バーレスクの貴婦人のゑぎのレビュー・感想・評価

バーレスクの貴婦人(1943年製作の映画)
3.0
 殆どのシーンが劇場内で進行する、バーバラ・スタンウィック全盛期の魅力が弾けるバックステージもの。『レディ・イブ』『教授と美女』(いずれも1941年)や『深夜の告白』(1944年)の頃のスタンウィックだ。筋立ては、バーレスク出演者の連続殺人をめぐるミステリーなのだが、謎解きに面白みは無し。しかし、舞台シーンは面白いし、2つの楽屋と階段、バルコニーを使った人物の出し入れ、仰角俯瞰での高低の見せ方は見ごたえがある。

 舞台袖下手からみて2階にあたる部屋が女性の楽屋、3階が男性の楽屋。2つの楽屋は伝声管(『ラピュタ』の海賊船の中にあったようなパイプ)が通っていて、男女で会話ができるようになっている。また、舞台袖側には非常階段のような階段があり、度々この階段上を使った演出がある。さらに、女性の楽屋の窓から、広いバルコニーへ出られるようになっており、このバルコニーもプロットの舞台となる。本作はスタンウィックの圧倒的魅力を堪能する映画だが、同時に楽しむべきは、この美術装置と、これを駆使するウェルマンの演出だろう。

#配役等の備忘
・スタンウィックは歌って踊る。

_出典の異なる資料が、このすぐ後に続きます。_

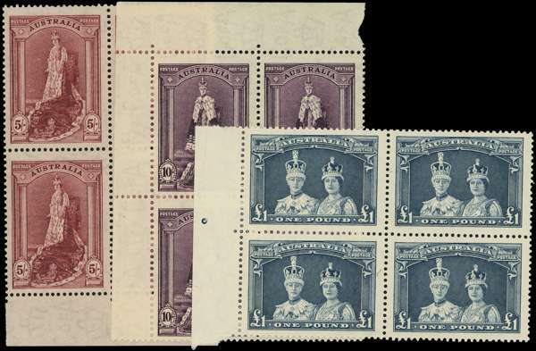 1948-9 5/-, 10/- and £1 Robes on thin paper o.g. marginal blocks of four, the stamps unmounted. Fine. SG 176a-178a, £586
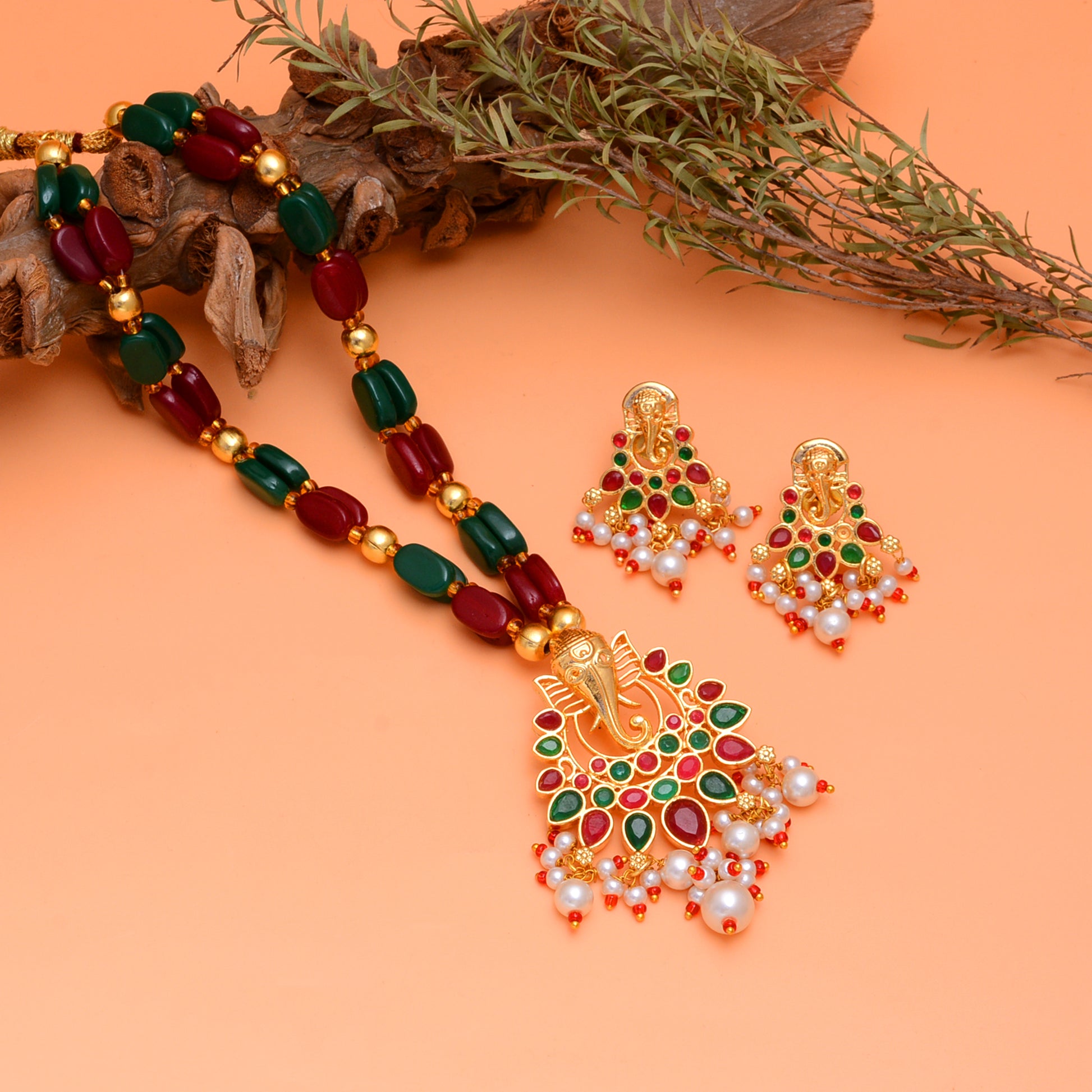Tanusha Jewels Beaded Ganesh Pendant Necklace For Women & Girls

歌はお世辞にも上手いとは言えない。ダンスはなかなかのもの。コサックダンスや側転を披露。
・相手役のマイケル・オシェイはコメディアンの役で、道化の格好をしている。スタンウィックもコントで絡む。
・バーレスクが舞台であるからして、スタンウィック含め女たちの衣装は殆どの場面で皆薄着なので、目の保養になる。
・背の高い男優はフランク・フェントン。ヤクザの男はジェラルド・モーア。
・最初の殺人は衣装のGストリングで行われる。
・フランク・コンロイがかなりの老けメイクで劇場スタフの役。この人、この頃のウェルマン映画御用達俳優だ。『野性の叫び』や『牛泥棒』でも重要な役。
・殺人事件後に登場する刑事は、チャールズ・ディングル。雰囲気ある。